However, the actual survey question was about comments on news sites. This alone pretty much invalidates the results when it comes to the blogosphere, because the expectations of the audience are likely to differ when visiting CNN or visiting a blog. Sure, the same result could apply to blogs as well, but this particular study does not show that, it would take a new study to examine that issue.

The methodology of the study itself sounds reasonable:

Sample size of 1003 is good, and results in a margin of error of approximately 3 percent in a large population (not stated in the results, unfortunately).

Another thing to watch out for is bias in the sample selection. This was an online survey and not much more is revealed, but given the subject matter I don’t see any obvious problem with this either.

Even this study gets on weaker ground in its assessment of age groups. The sizes of age groups are not disclosed, and with an overall sample size of just 1003, the margin of error for age groups will increase quite a bit, especially if they are not of equal size. Sample size of 200 would make the margin of error 7 percent, and if some age group is down to 100 people, the margin of error would be as high as 10 percent.

The results do show that older people are less likely to want comments on news sites, but a larger sample size would have made the data much more accurate as now the exact slope of the line remains quite uncertain. Now it is a nice, steep line from 61 percent to 19 percent, but if the margin of error is 10 percent, this might as well be from 51 percent to 29 percent in reality. Still convincing, but at the limits of usefulness and running the risk of misinterpretation.

Garbage data: statistics that fail to prove anything

When there has been a real study, but its methodology is badly confused, you get garbage data.

At the time I’m writing this, this particular gem of garbage data, 83 percent of Google+ users are inactive, is still going strong in social media. Despite the early attempts to tackle it by me and also by Sharon Machlis, it actually managed to gain momentum for the first two days, and is still being shared by new people on the third.
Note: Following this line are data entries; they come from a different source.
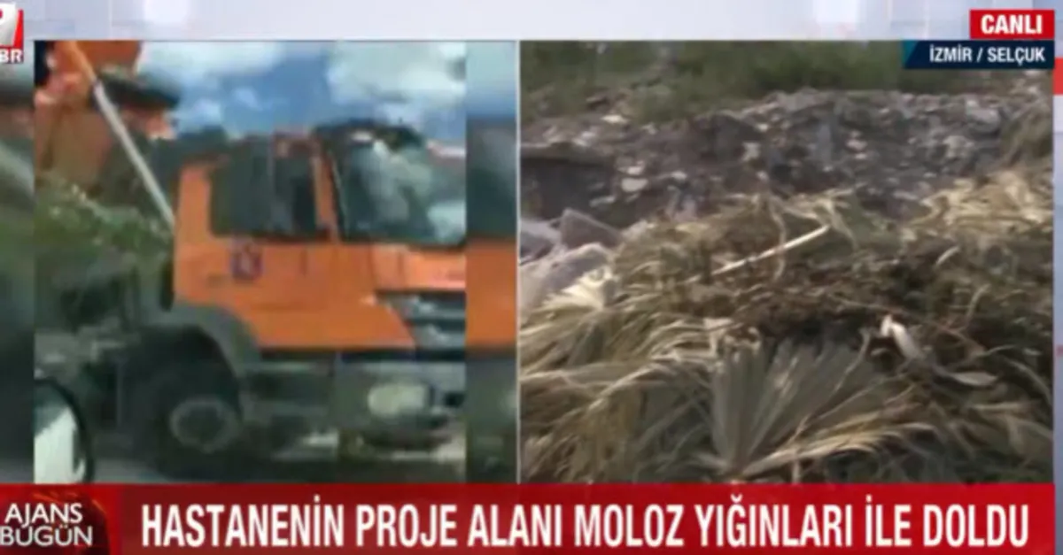 CHP'li İzmir Büyükşehir Belediyesi'nin bitmek bilmeyen skandallarına bu kez de hastane projesi alanını çöplüğe çevirmek girdi. A Haber canlı yayınında belediyeye ait kamyonların bölgeye moloz döktüğünü belirten AK Parti Selçuk İlçe Başkanı Hakan Bayraktar, 'Tarım arazisi alanına çevirip çöp döktüler. Aylardır moloz dökülüyor.' dedi.
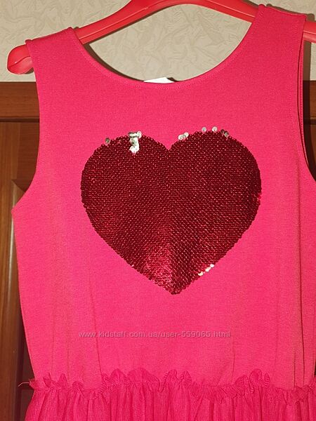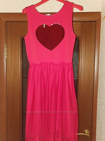 Продам красивое красное платье с паедками из сердца (двухсторонние) от H&M в идеальном состоянии - одето до 5 раз.Размер 12-14 лет.
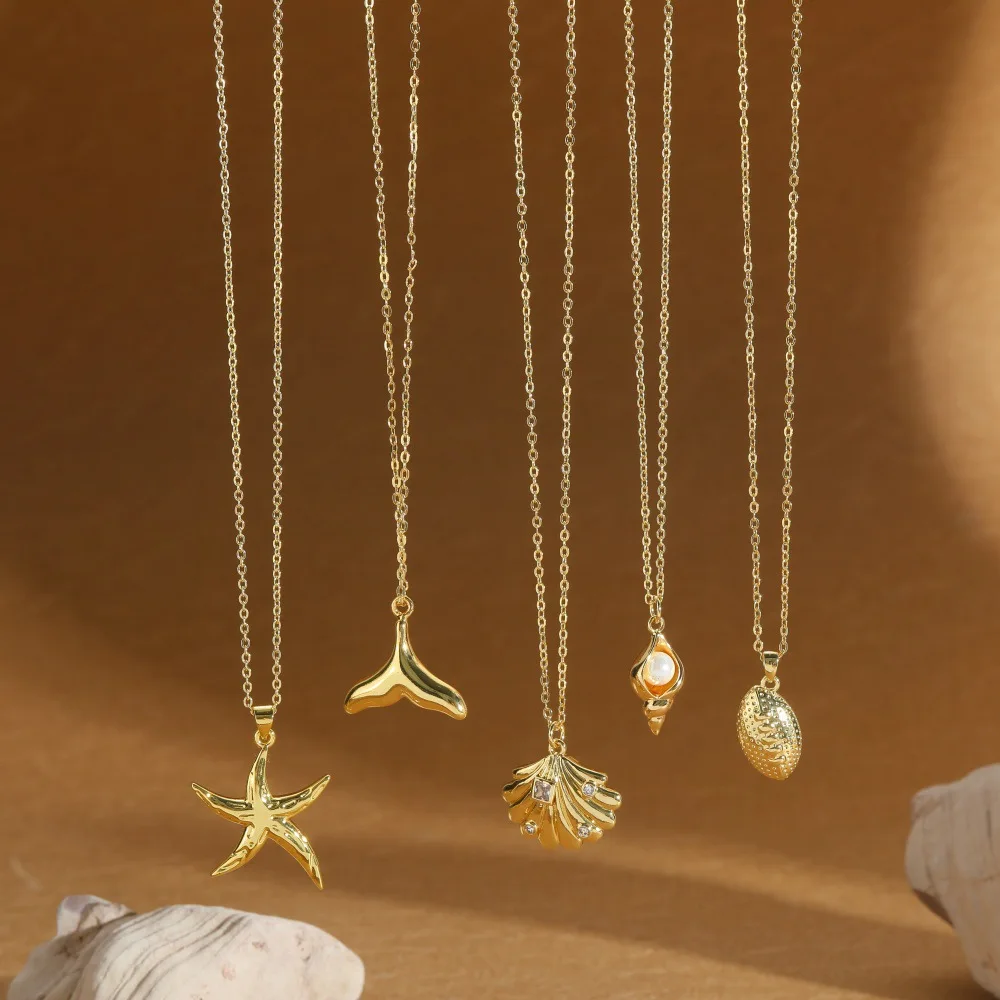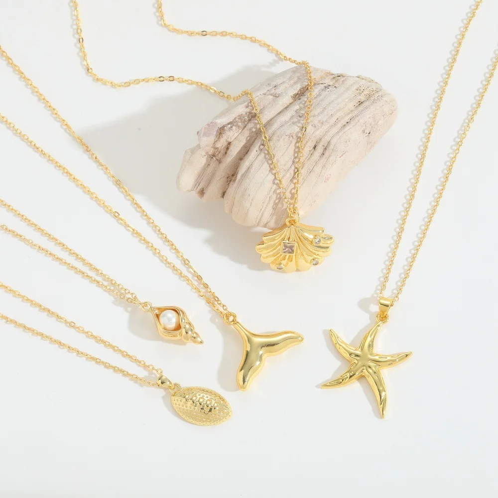 Copper Alloy Wave-Inspired Starfish Pendant Necklace Tropical Beach Jewelry for Women Summer Vacation Layered Bohemian Necklace

The study itself has some merits: it is based on a voluntary user directory, which does introduce the potential for bias, but also gives a huge sample size of 14 million: around half of the Google+ population! With a sample size this large, it is possible to do a lot of segmentation in order to achieve insights, and the study includes plenty of valid data.

Unfortunately, the inactive user count is not among that data. As the study admits, they “are not sure how these figures were determined, but it was amazing to see that 83% of users were classed as inactive.” Umm, yeah, right.

First, we would need to know what the definition of inactive is in order to estimate whether it is useful. Immediate issues may arise from the fact that not all content is public (private posting) and from whether the site is able to track whether people log in to Google+.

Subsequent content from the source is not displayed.